Juez de El Bronx rechaza demanda contra Arroyo

Un candidato opositor había acusado a la asambleísta Carmen Arroyo de fraude electoral en las primarias
Juez de El Bronx rechaza demanda contra Arroyo
La asambleísta Carmen Arroyo interactuando con votantes en el colegio electoral.
Foto: Cortesía

El Bronx – La demanda presentada por un candidato a la asamblea para que se repitan las primarias demócratas por el Distrito 84, fue desestimada en la corte de El Bronx.

Indicando que la demanda se había presentado fuera de plazo y rehusando entrar en si había causa para la misma, el juez John Carter -en una audiencia de apenas 10 minutos- desestimó la demanda de Maxi Rivera, que alegaba fraude por parte de su contrincante, la asambleísta Carmen Arroyo.

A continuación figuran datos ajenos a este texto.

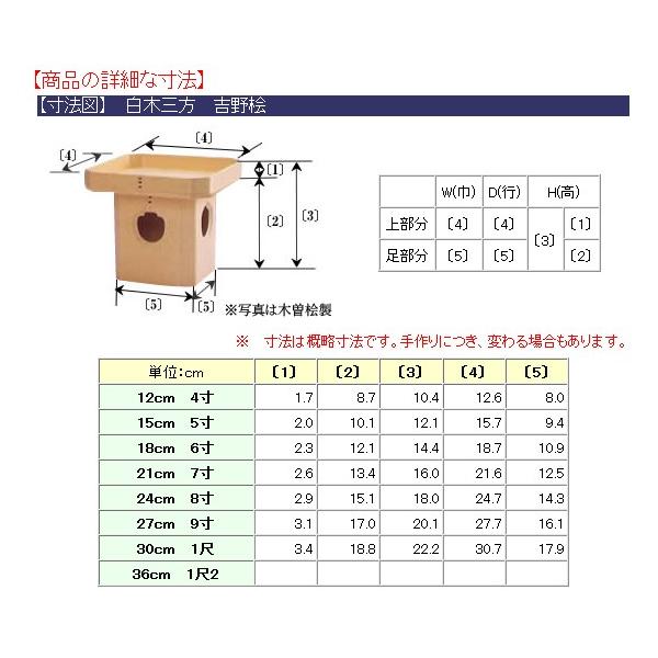 神棚 お供え 吉野桧 三方 4寸 幅12.5cm 奥行12.5cm 高さ10.2cm
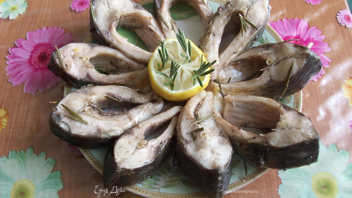 рыбу почистить, помыть, удалить голову, хвост и плавники. порезать рыбу крупными кусочками толщиной около 3 см. порезать лимон(я резала полосочками, можно дольками). взять судок (или что кому больше нравится), выложить рыбу слоями, при этом каждый слой посолить, поперчить, посыпать розмарином, лимоном, полить оливковым маслом и взбрызнуть соком лимона. оставить в холодильнике мариноваться, я ставила на ночь.
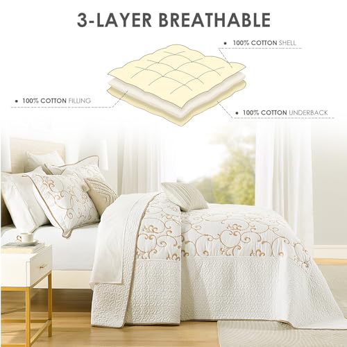 Das 3-teilige Queen-Size-Bettwäsche-Set beinhaltet: 1 Tagesdecke: 308 cm L x 253 cm B; 2 Kissenbezüge: 50,8 x 71,1 cm. Das dreilagige Design macht dieses gesteppte Tagesdecken-Set leicht, allerdings warm, geeignet für Frühling, Sommer, Herbst/Herbst, Winter und kann als Steppdecke, übergroße Steppdecke, Tagesdecke, Bettbezug und Bettdecken-Set verwendet werden
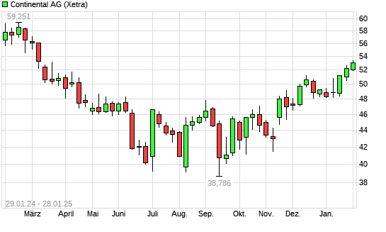Mit dem Anstieg auf 69,40 EUR hat die Continental-Aktie (ISIN DE0005439004) am 27.01.2025 ein neues 6-Monats-Hoch erreicht und damit den Kurs vom 24.01.2025 eingestellt.
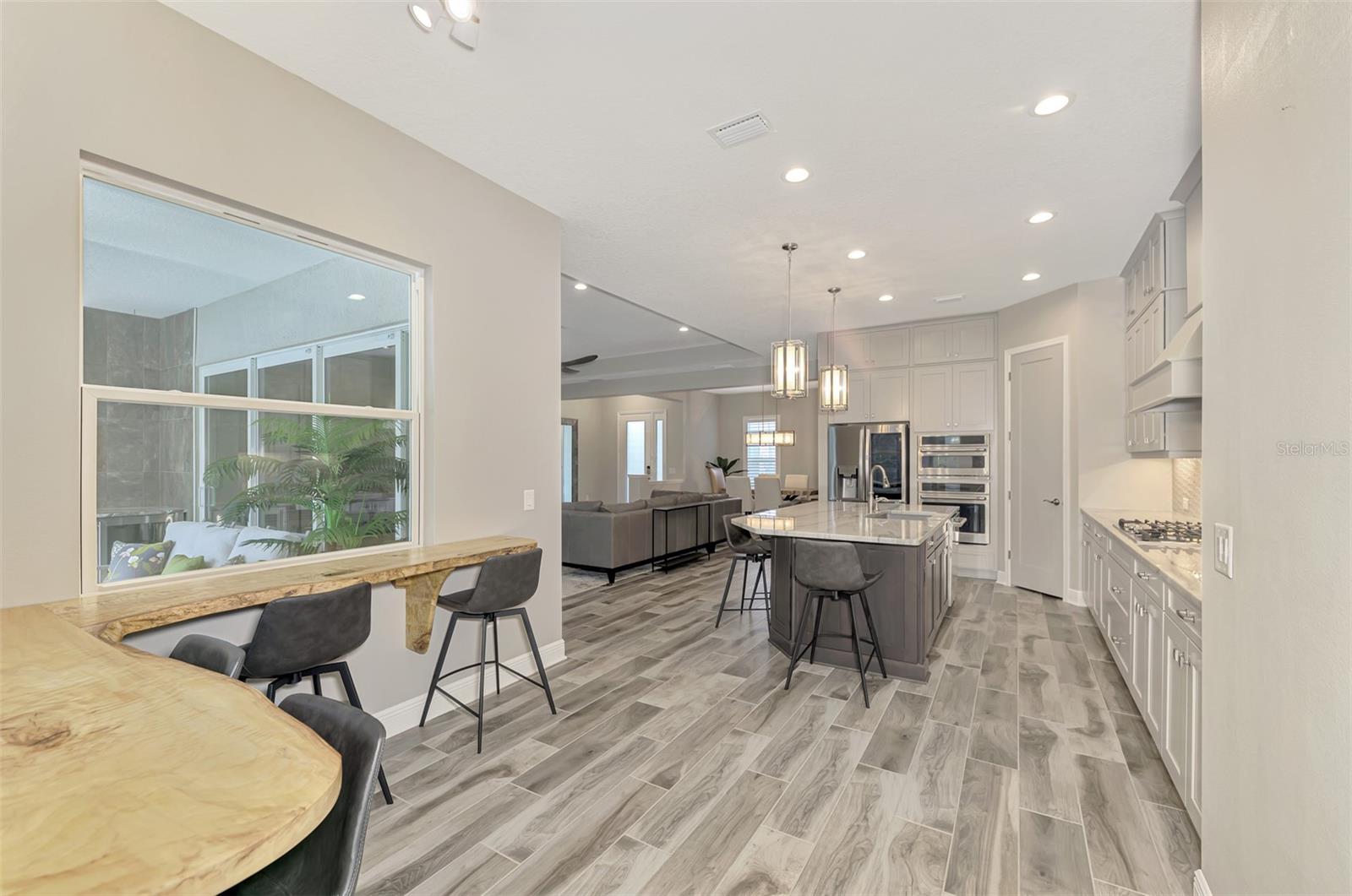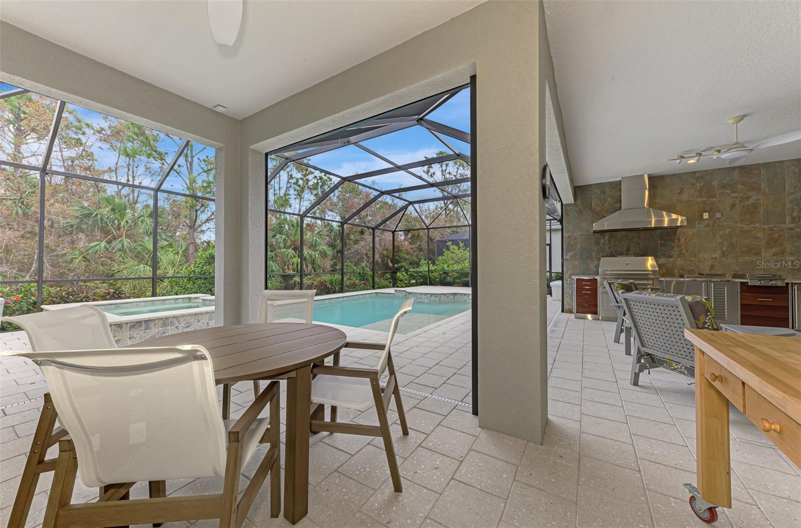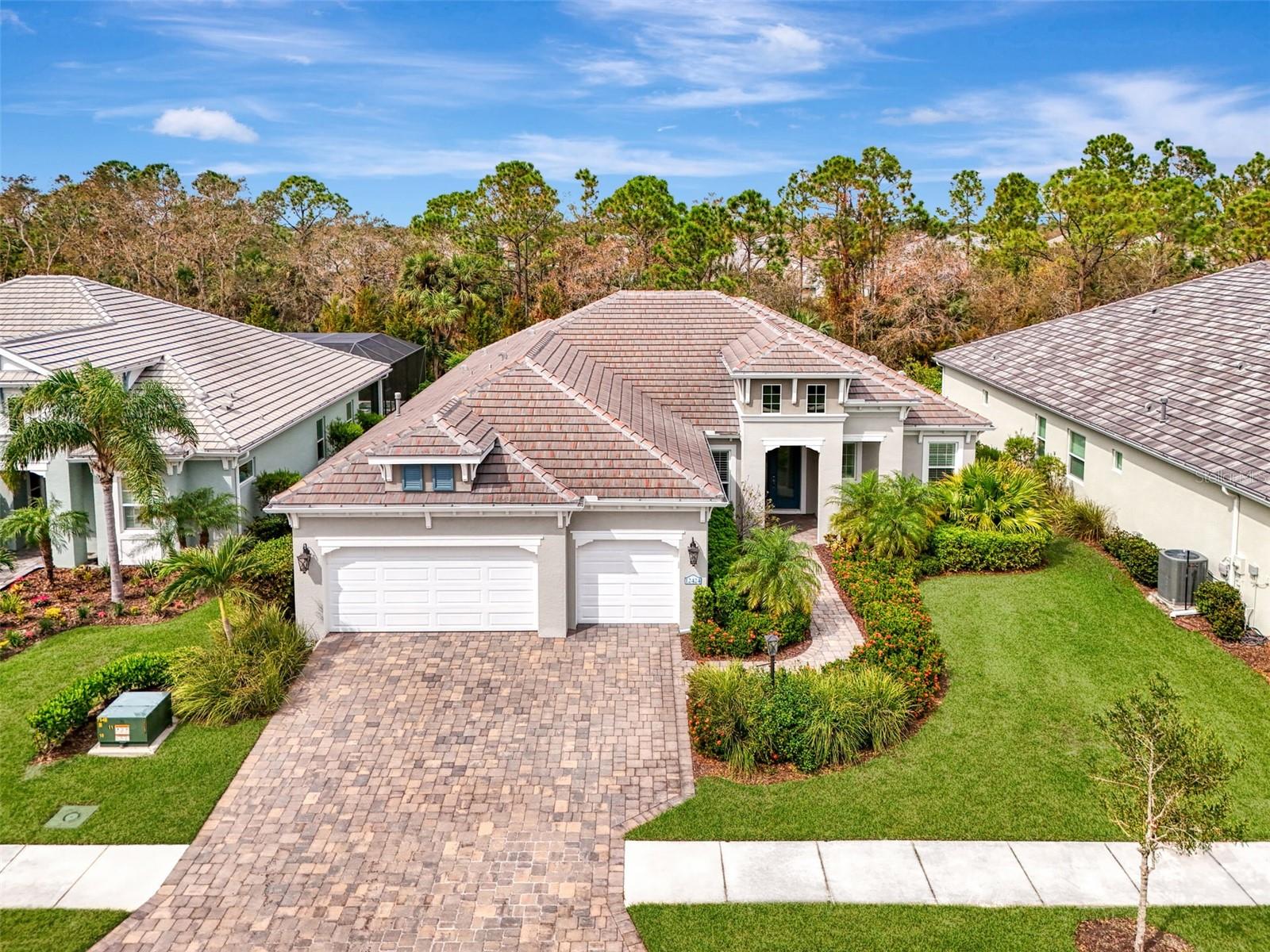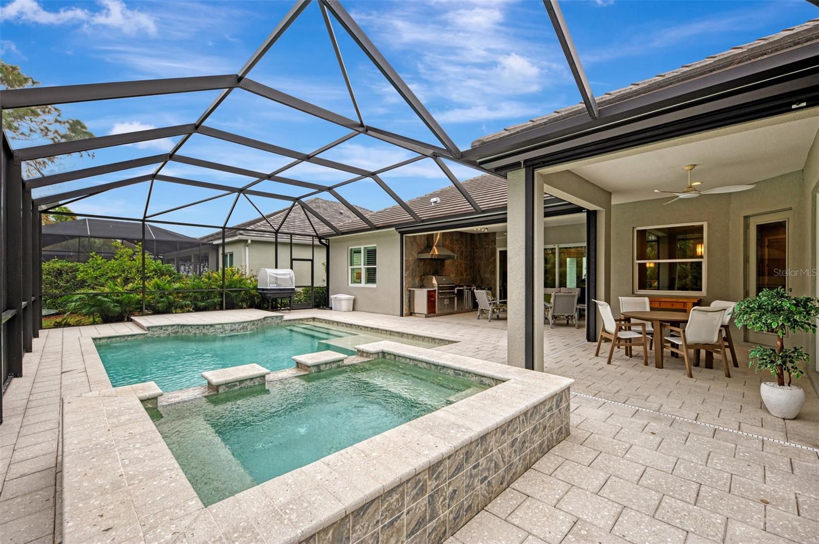 This is the house you have been waiting for in Grand Palm! Built in 2020, this nearly New Sanibel model offers a split floor plan with an open concept living area, impact windows and doors, high ceilings, real wood plantation shutters and designer wood look tile floors throughout. Add to your culinary adventures with ease in your chef’s kitchen that includes upgraded GE Cafe Stainless Steel appliances; gas cooktop, built-in double oven with convection, double stacked custom cabinets and matching range hood that vents outside, elegant natural Quartzite Stone countertops, shiny gray Ceramic Backsplash and a Composite Sink. The walk-in pantry provides a place for all your kitchen essentials with real wood shelving. Steps away, enjoy your perfectly prepared meal in your oversized dining room open to the Great Room, over looking the lanai. Pocket sliding glass doors lead out to the covered, screened lanai with electric roll down, hurricane protection, wifi operational! This exquisite heated salt water pool with raised spa is certainly a WOW factor! Custom built and designed with water features and sun shelf surrounded by Shelllock Pavers. The lanai features a high end Natural Gas Kalamazoo, Automatic Feed Kalamazoo Gourmet Smoker, a Kalamazoo Outdoor Beverage Center Refrigerator, Stainless Steel Ventilation Hood, Tilt Backsplash and Solid Stone Countertop. A full pool bath, with enclosed glass shower with tile to the ceiling, accessible from the lanai is steps away! The spacious master suite, situated towards the back of your home, gives you maximum peace and privacy. Double master closets, complete with custom closet organizers, provide easy storage for all your warm weather clothing. The spa like master bath is adored with an over sized, full glass enclosed walk-in shower, a relaxing garden tub surrounded by accent tile, dual vanities and a private toilet room. Guests can enjoy their stay in one of two bedrooms located in the guest wing with the second bathroom between. Need a little more space? The french door, enclosed Club Room has many useful options with a sliding glass door leading out to the extended covered lanai. Make it your home office, a quiet sitting room or can double as an extra bedroom. You will want to write home about this custom built and designed laundry room! The LG front loading washer and gas dryer are built in with Quartzite countertop, a Composite sink and 42” upper cabinets. This Sanibel offers a 3 car garage with a 4’ extension and full coverage epoxy flooring. Plenty of room to house your vehicles and golf cart with additional overhead storage space . Throughout the home you will find 8’ interior doors and upgraded base boards. Patio furniture, Kitchen Bar Stools and secondary bedroom set are included! Take advantage of the resort style heated pools, participate in social gatherings, pickle ball, tennis, bocce ball and a fitness center right in the community with no additional fees. Want to enjoy the Gulf beaches? Venice Beach is less than 20 minutes away! Come live the Florida dream. Schedule your showing today!
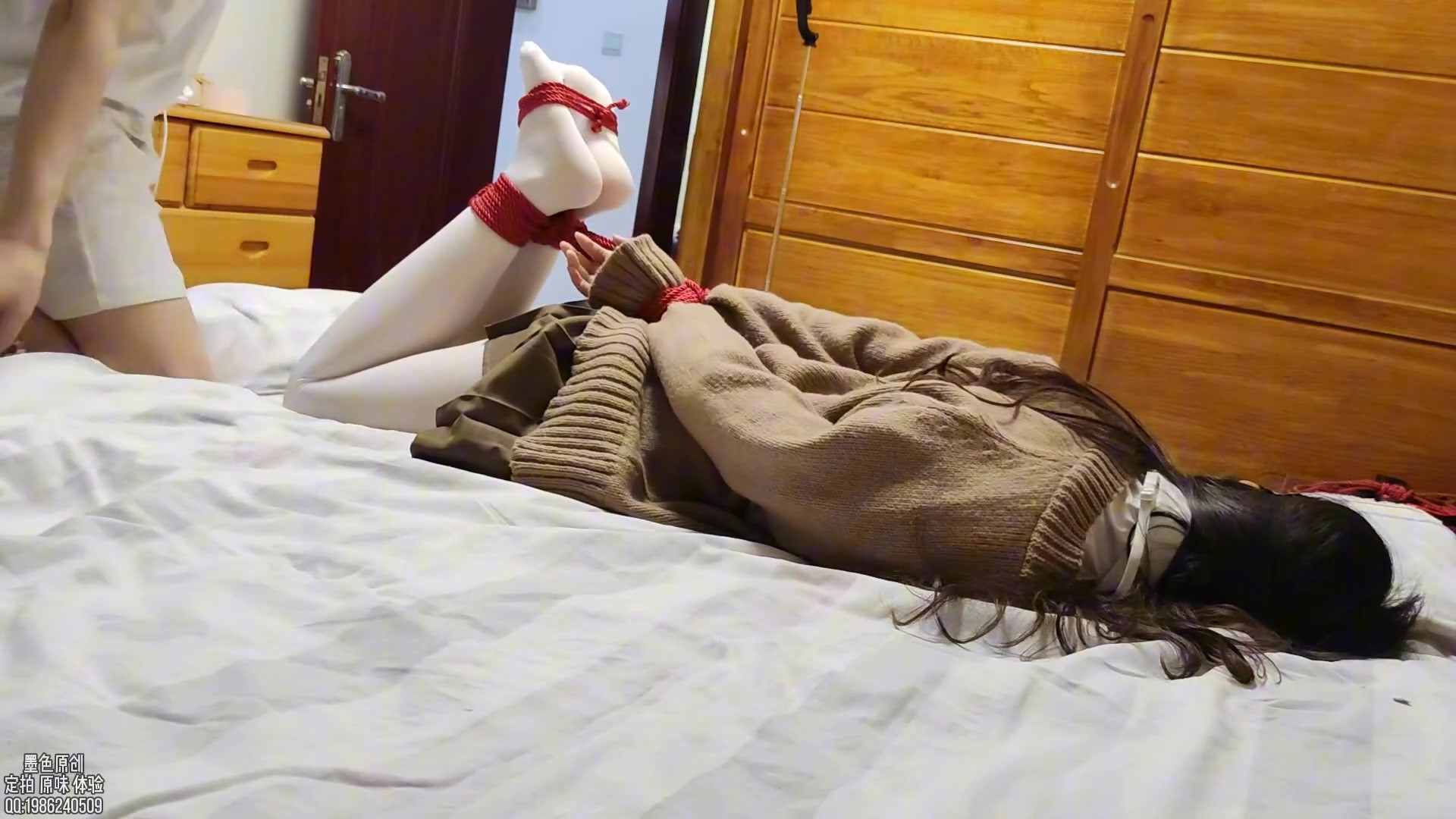 喜欢自缚的婷婷穿jk白丝回家后在床上自缚,用红绳捆绑自己的双脚,带上蕾丝眼罩,丝带捆绑双手。自缚之后自己在床上偷偷抚摸自己呻吟享受,然后被回家的主人发现,主人把婷婷重新捆绑成驷马,并用鞭子抽打婷婷的脚心,屁股作为惩罚,惩罚过后留婷婷自己一个人在房间挣扎,婷婷多次试图挣扎起身失败,最后主人进来给婷婷松绑。
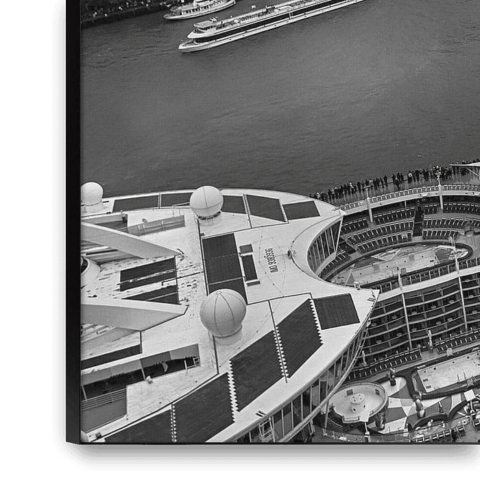 The former world largest cruise ship "Oasis of the Seas" at Rotterdam's Erasmus Bridge. The ship was two weeks in the Netherlands for service and left to go to his workarea the Caribbean.
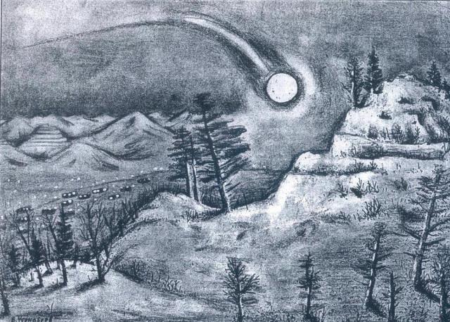 1986 年 1 月 29 日夜里 19:达尔尼戈尔斯克的居民目睹了一个不明飞行物——一个发光的红色球在夜空中出现。这个物体大约每秒钟。 15 米速平行路面航行,最终撞上石灰山,即 611 号码高地。撞击之后,事故现场持续了一个小时,空气中可以看到类似大火的光辉。
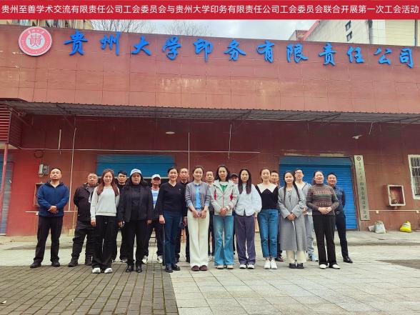 4月3日,贵州至善学术交流有限责任公司工会委员会、贵州大学印务有限责任公司工会委员会联合开展了第一次工会活动。本次活动坚持党建带工建,贵州大学科技产业党委副书记、工会主席张豫芳,贵州大学资产经营管理办公室党支部书记肖敏、纪检委员陈宏(至善公司、印务公司负责人)、贵州大学科技产业工会组织委员兼民主管理委员杨绍龙等同志列席第一环节活动。两家公司全体工会会员参加。
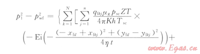 pi為地層原始?jí)毫Γ?span lang="EN-US">Pa;pwf為井底流壓,Pa;N為裂縫條數(shù),條;n為裂縫等分?jǐn)?shù),個(gè);qfkj為第k條裂縫第j個(gè)點(diǎn)匯的產(chǎn)量,m3/s;μg為黏度,Pa·s;psc為臨界壓力,Pa;Z為氣體偏差因子,無(wú)因次;T為氣層溫度,℃;K為地層滲透率,mD;h為儲(chǔ)集層厚度,m;t為生產(chǎn)時(shí)間,s;Tsc為氣體臨界溫度,℃;xfil為第i條裂縫第l個(gè)點(diǎn)匯的橫坐標(biāo),m;xfkj為第k條裂縫第j個(gè)點(diǎn)匯的橫坐標(biāo),m;yfil為第i條裂縫第l個(gè)點(diǎn)匯的縱坐標(biāo),m;yfkj為第k條裂縫第j個(gè)點(diǎn)匯的縱坐標(biāo),m;η為導(dǎo)壓系數(shù),0.
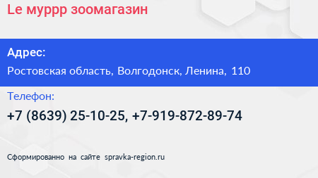 Le-муррр..., зоомагазин по адресу Ростовская область, Волгодонск, Ленина, 110 в дальнейшем Организация, размещена в следующих категориях:
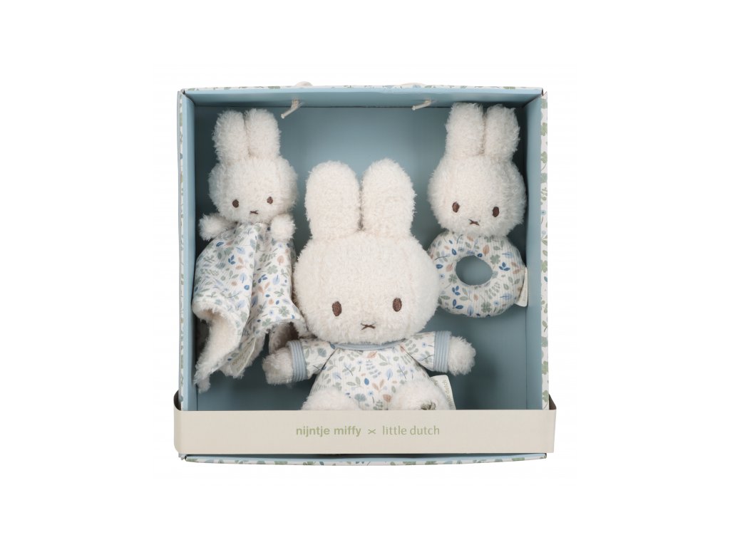 Dárkový box obsahuje tři hračky z jemného plyše a manšestru, které lákají ke hraní i mazlení před spaním v postýlce: králíčka, muchláčka a chrastítko. Hračky jsou vhodné pro děti od narození a sada se tak může stát i krásným dárkem pro novorozené miminko.Hračky jsou součástí kolekce hraček Little Dutch Miffy, jejichž ústřední postavou je roztomilá králičí holčička Miffy, známá z knížek pro děti holandského spisovatele Dicka Bruny.
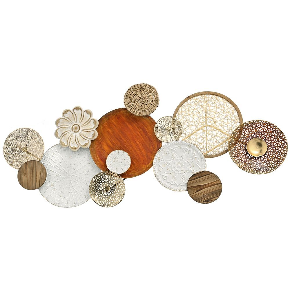 Μεταλλική  διακοσμητική σύνθεση  τοίχου με σχέδια κύκλων σε διαφορετικά επίπεδα και μπέζ καφέ κρεμ και μπρονζέ τόνους που θα κάνει τη διαφορά στο χώρο σας

Rivera presentó declaraciones juradas de testigos que alegaban presenciaron la actuación ilegal de Arroyo en los colegios electorales, así como fotos tomadas de algunas de esas actuaciones de la asambleísta durante el día de las elecciones.

En unas de las fotos se ve a Arroyo dentro de los centros de votación interactuando con votantes y trabajadores de las mesas de votación, en otras se puede ver un auto de campaña de la asambleísta estacionado enfrente del colegio electoral.

La demanda incluyó también irregularidades por parte de la Junta Electoral como que hubiera cambios en los colegios de votación y que las boletas estuvieran escritas en una letra más pequeña de la que establece la ley lo que dificultó a las personas mayores para su lectura, dejándolas en las manos de aquellos que “les ayudaban” a cumplimentarlas.

La Junta Electoral ya ha rectificado el tamaño de la letra en las boletas que se presentarán en noviembre.

El escaño se disputaba además por un tercer candidato Charles R. Serrano, cuyo abogado Jay F. Boyarsky -en nombre de su cliente- respaldó las alegaciones de Rivera.

Stanley Schlein, abogado de Arroyo, negó las acusaciones y resaltó que su cliente había ganado las elecciones con un rotundo 52.57%.

A la salida de la corte Rivera, que se representó a sí mismo, anunció que apelaría la decisión.

Al cierre de esta edición ni la asambleísta ni su oficina habían contestado a nuestras llamadas.